[[ Material supplied, beginning ]]

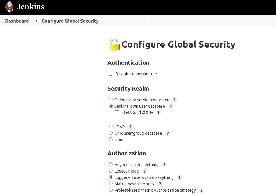 Jenkins의 권한 관리 모드 변경
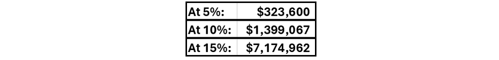 Hypothetical Example of the Potential Effect of Return: Start with $2,500 and save/invest $200 per month for 40 years:
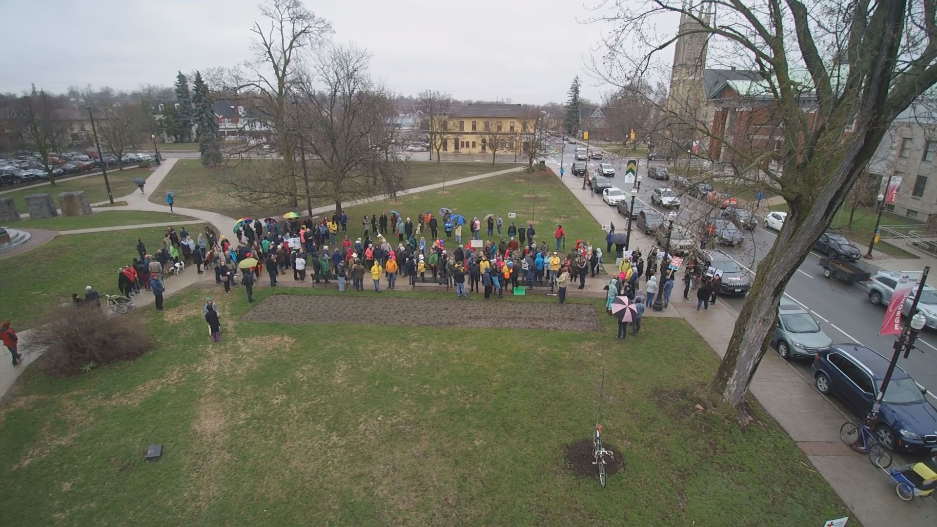 Close to 125 people gathered in Confederation Park to protest cuts by the provincial government.
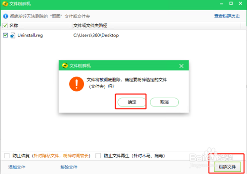 然后选择“破坏文件”,在提醒窗中单击“确认”即可,如下图:
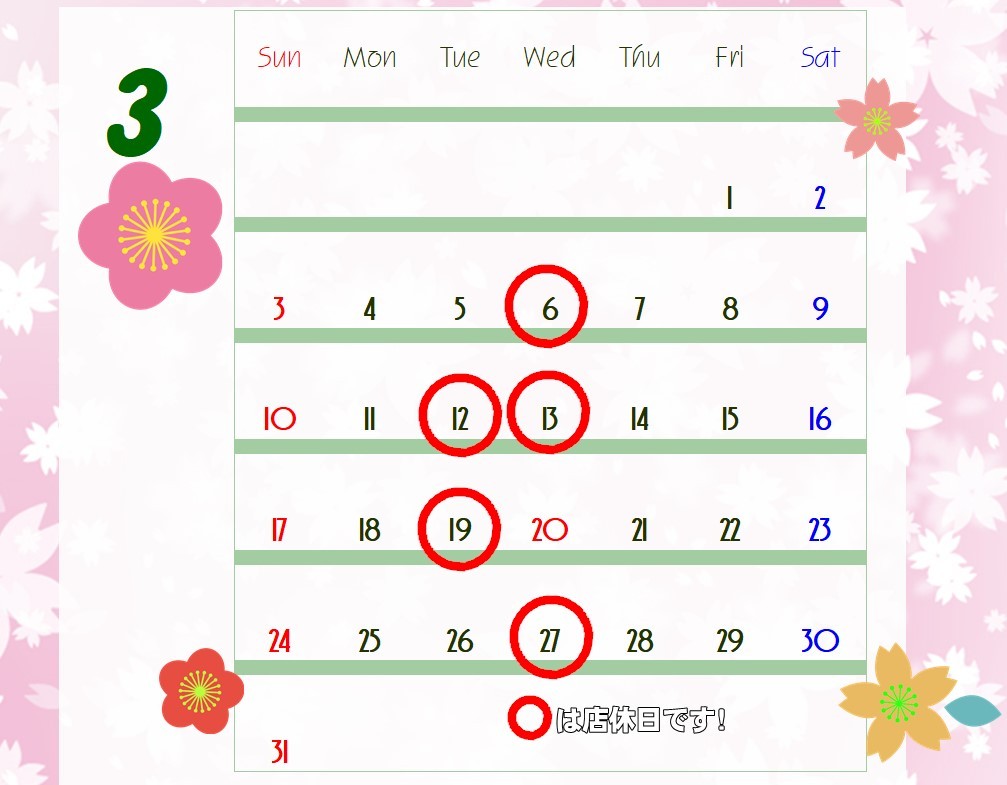 6日(水) 12日(火) 13日(水) 19日(火) 27日(水)が店休日になります!
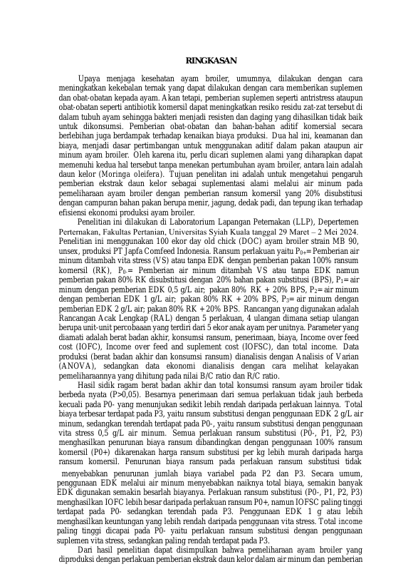 Baca Juga : PERUBAHAN KADAR LEMAK ABDOMEN AYAM BROILER (GALLUS SP.) YANG DIBERI RANSUM FERMENTASI DAUN KELOR (MORINGA OLEIFERA LAMK) (Intan Firdaus, 2016)
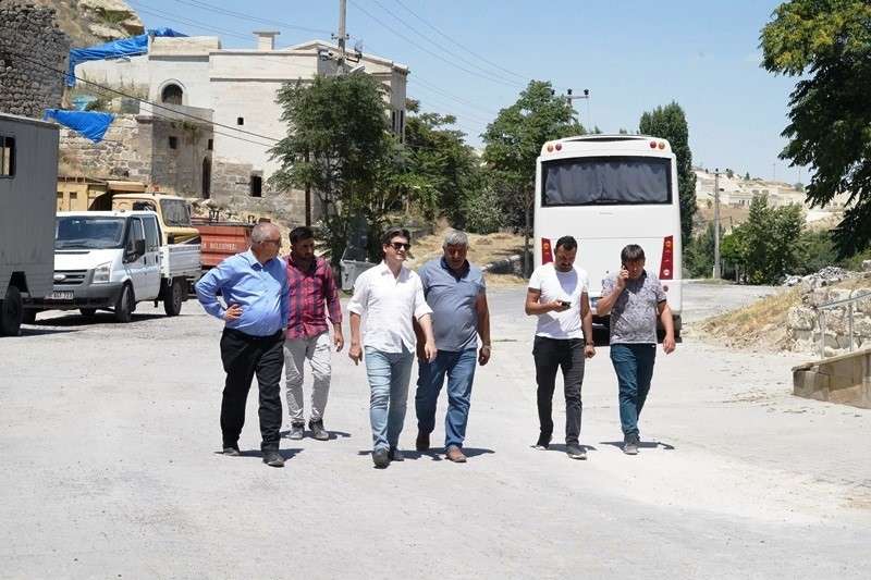 Kaymakama incelemeler esnasında KAPHİB (Kapadokya Turizm Altyapı Hizmet Birliği) Müdürü Levent Ak ve Mustafapaşa köyü muhtarı Gültekin Kan eşlik ettiler.

[[ Material supplied, end ]]

Your answer should set down the listing verbatim and leave out its images.

_Result below_
 Jenkins의 권한 관리 모드 변경
 Hypothetical Example of the Potential Effect of Return: Start with $2,500 and save/invest $200 per month for 40 years:
 Close to 125 people gathered in Confederation Park to protest cuts by the provincial government.
 然后选择“破坏文件”,在提醒窗中单击“确认”即可,如下图:
 6日(水) 12日(火) 13日(水) 19日(火) 27日(水)が店休日になります!
 Baca Juga : PERUBAHAN KADAR LEMAK ABDOMEN AYAM BROILER (GALLUS SP.) YANG DIBERI RANSUM FERMENTASI DAUN KELOR (MORINGA OLEIFERA LAMK) (Intan Firdaus, 2016)
 Kaymakama incelemeler esnasında KAPHİB (Kapadokya Turizm Altyapı Hizmet Birliği) Müdürü Levent Ak ve Mustafapaşa köyü muhtarı Gültekin Kan eşlik ettiler.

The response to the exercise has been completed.